** DATA SHOWN follows **

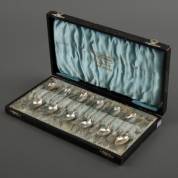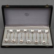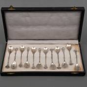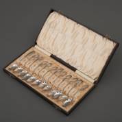 Twaalf 2e gehalte zilveren apostellepeltjes, in cassette, gewicht 88 gram, 11 cm
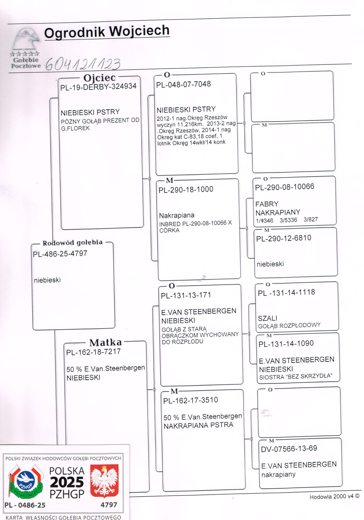 | Lot | Data | Dystans [km] | Ilość gołębi | Pozycja | Prędkość [m/min] |
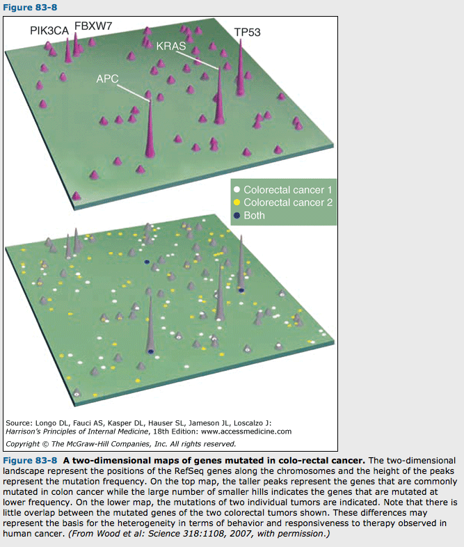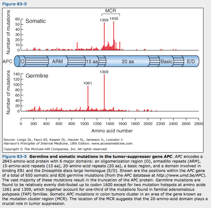 그림 83-5는 APC유전자에 발견되는 배선 및 체세포 돌연변이를 보여주고 있음.
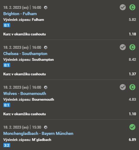 V dalších utkáních se vývoj v prospěch sázejícího převalil během druhého poločasu, Crystal Palace se dostalo do vedení v 69. minutě, Bournemouth v 49. minutě a Fulham v 88. minutě. Následně sázející se rozhodl využit cashoutu, udělal dobře, jelikož Crystal Palace obdrželi vyrovnávací branku v šesté minutě nastavení.

** End of DATA SHOWN **

■ PROBLEM TO SOLVE
Every line above is to be given again exactly, apart from the pictures.

■ RESPONSE AREA
 Twaalf 2e gehalte zilveren apostellepeltjes, in cassette, gewicht 88 gram, 11 cm
 | Lot | Data | Dystans [km] | Ilość gołębi | Pozycja | Prędkość [m/min] |
 그림 83-5는 APC유전자에 발견되는 배선 및 체세포 돌연변이를 보여주고 있음.
 V dalších utkáních se vývoj v prospěch sázejícího převalil během druhého poločasu, Crystal Palace se dostalo do vedení v 69. minutě, Bournemouth v 49. minutě a Fulham v 88. minutě. Následně sázející se rozhodl využit cashoutu, udělal dobře, jelikož Crystal Palace obdrželi vyrovnávací branku v šesté minutě nastavení.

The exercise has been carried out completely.